= Claudio Escauriza =

Paraguayan decathlete

Claudio Escauriza (born 3 May 1958 in Paraguay) is a Paraguayan athletics coach and former decathlete, who competed at the 1984 Summer Olympics in Los Angeles, United States of America and the 1st IAAF World Championships in 1983 in Helsinki, Finland. Escauriza represented Paraguay at several South American Championships, and also holds the Paraguayan national record in decathlon with a score of 6,943. He was the coach of Paraguayan Javelin Thrower Fabian Jara. Escauriza is the father of Paraguayan tennis player Lara Escauriza.

==Trajectory==
Escuariza finished 2nd at the 1982 Southern Cross Games in Argentina.

==Coaching==
Escauriza and Édgar Torres both attended the 2012 Summer Olympics as coaches of the group.
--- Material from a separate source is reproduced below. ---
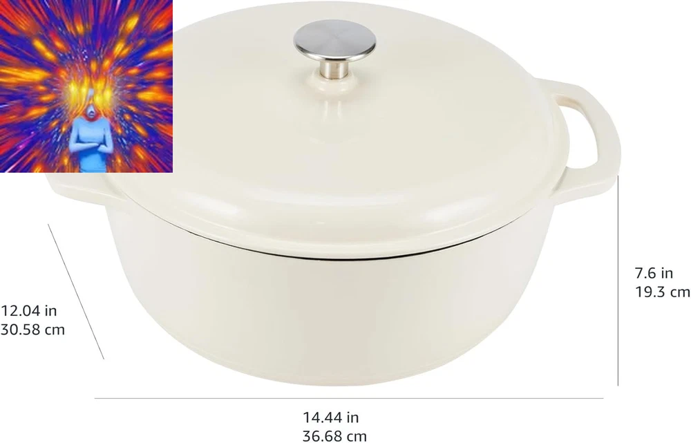 Store New Arrivals Add to Favorite View Feedback Contact Cast Iron Dutch Oven Pot with Lid, Enameled, Round, Dual Handles, Heavy-Duty, Large, 7.3-Quart, White Description Item model number SX-75QTW Item Weight 16.29 pounds Capacity 7.3 Quarts Temperature Rating 500 Degrees Fahrenheit Color White Lid Material Cast Iron Material Cast Iron Country of Origin China Is Dishwasher Safe No Global Trade Identification Number 06939556100268 Is Oven Safe Yes Shape Round With Lid Yes Finish Type Enameled Product Dimensions 14.4"W x 7.6"H Product Care Instructions Hand Wash Only Size 7.3-Quart Dutch oven in White; ideal for roasting, baking, sautéing, cooking, and more Heavy-duty cast iron retains heat well and distributes it evenly; smooth enamel finish provides lasting strength Oven safe up to 500 degrees F Larger 7.3-quart capacity serves 6+ people; perfect for stews or roasts Hand wash only; avoid metal utensils and wash in warm, soapy water for best results; avoid citrus-based cleaners Looped side handles for easy lifting; fitted lid traps in heat and moisture for enhanced results Product Dimensions: 14.4 x 12 x 7.6 inches (LxWxH) Product Description Amazon Basics Enameled Cast Iron Dutch Oven, 7.5-Quart, White From the Manufacturer Amazon Basics ABOUT US We offer the best prices around on high quality products. Our E-store includes media such as books, movies, music and games while offering electronics, toys, sporting apparel, clothing, tools, general home, garden items and more. SHIPPING We are always working hard to ensure your package arrives as soon as possible. Please understand that some factors like weather, high postal traffic, and the performance of shipping companies are outside of our control. We offer free shipping to the lower 48 states and ship within 2 business days of payment, usually sooner. We do not accept P.O. Boxes. Please provide a physical address. For shipping outside of the continental USA, we only use eBay's Global Shipping Program.The item is shipped to KY and then sent to the rest of the world. International customers are responsible for all duties and taxes. Continue to check out in order to calculate costs for shipping the item to your country. Messages regarding eBay's Global Shipping Program MUST be directed at eBay EXCLUSIVELY. RETURNS We offer a 30-Day Return Policy on items which you are not completely satisfied with. You have the option for a full-refund or an exchange of the item. No returns are available on items shipped outside of the USA. PAYMENT We accept PayPal. CONTACT US This page content is yet to come Please ad us to your favorite seller and visit again later Thank You CUSTOMER SATISFACTION We try our very best to make sure every customer is completely satisfied. If there's a problem, message us! We're happy to help. WE ACCEPT

At the 2013 South American Championships in Cartagena, Colombia, Escauriza was part of the coaching body with Plinio Penzzi and Hungarian Thomas Zuddy.

==Personal life==
In 2009, Escauriza, along with José Luis Chilavert, Tomás Orué and lawyer Alejandro Rubin, attended a Press Conference at Asunción Shopping Centre Shopping del Sol, in support of Edgar Baumann, who had received a favorable ruling from the Paraguay Supreme Court in a case against the Paraguay Olympic Committee president Ramón Zubizarreta for robbing him the right of competing at the 2000 Summer Olympics and also taking his sums of money that he earned from his scholarship.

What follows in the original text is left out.